You know the importance of content to reach a technical audience. Maybe you’ve even used it to attract developers, software architects, engineers, and similarly technical personas to your product. Almost certainly, you also want to find more of the right audience. You want to amplify the content you already created and gain some bigger numbers to show for your effort. That’s the goal of this blog post and enumerating these 15 developer marketing content channels.
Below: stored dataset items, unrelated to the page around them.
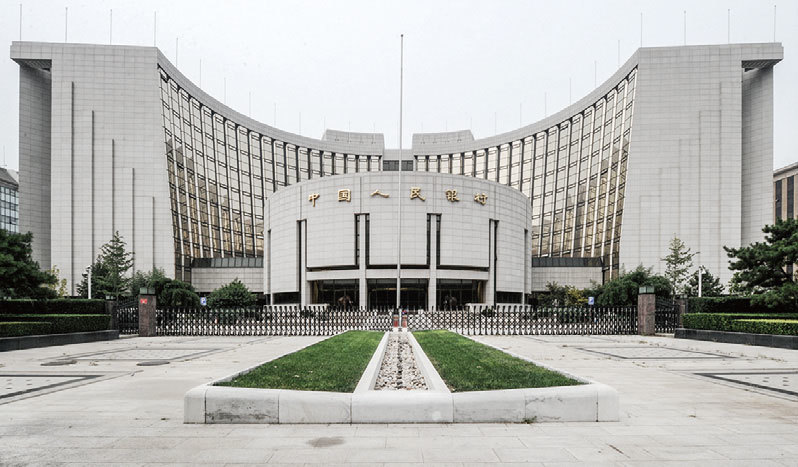 中國人民銀行在人民幣升值與貶值間陷入兩難。圖為中國人民銀行位於北京的總部。(Mark Ralston/AFP)
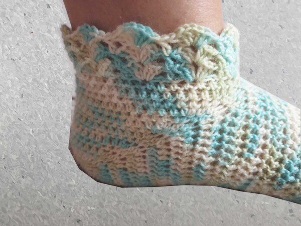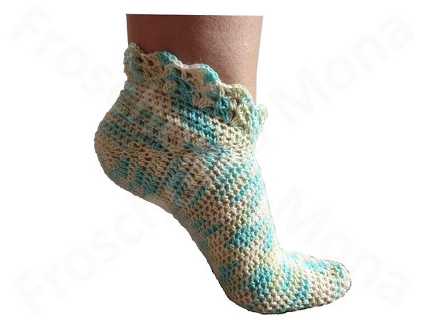 Ich zeige dir das Häkeln der Socke, so wie auf dem Galeriebild dargestellt als Kurzsocke mit hübscher Abschlussborte.
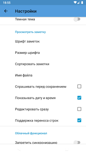 - выбор шрифтов заметок.
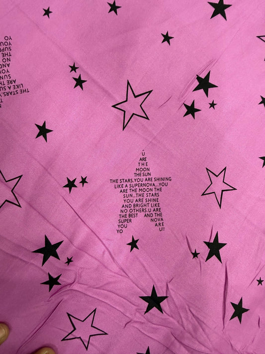 Buy Viscose Modal Star Words Printed Pink Base Fabric
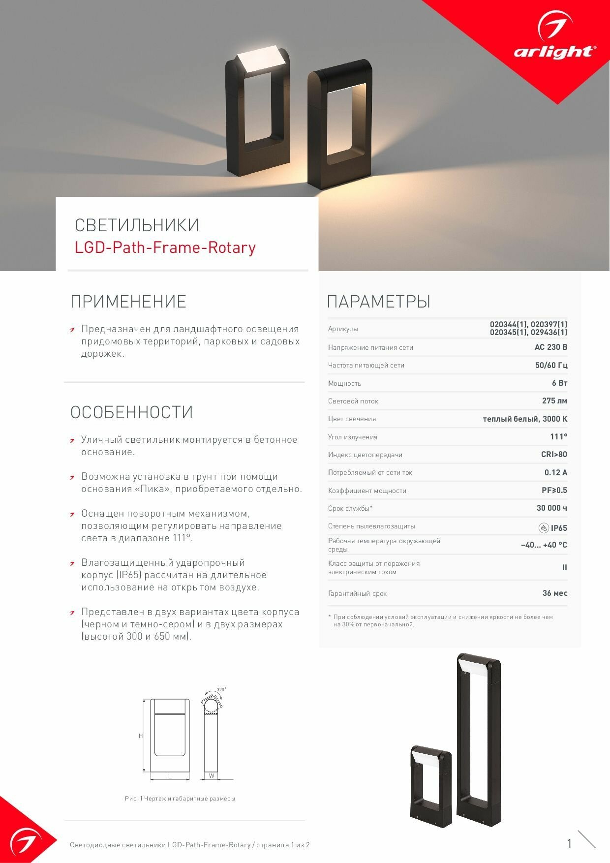 020344(1) Светильник LGD-PATH-FRAME-ROTARY-H300-6W Warm3000 (BK, 111 deg, 230V) (Arlight, IP65 Металл, 3 года)

As you think through your own concept catalog, consider each of these content channels. There are likely multiple channels that you could test for each of your concepts, which provides more opportunities to see what works. Your content should resonate with your audience and engage them into action. Pay attention to the signals they send and you can double down on the channels and concepts that attract the right audience to your product.
A Snapshot of All 15 Channels
You’re likely already using a couple of these content channels. Some will be very familiar, while a few may confuse you at first. To clarify and get your team on the same page, each of the channels is explained below.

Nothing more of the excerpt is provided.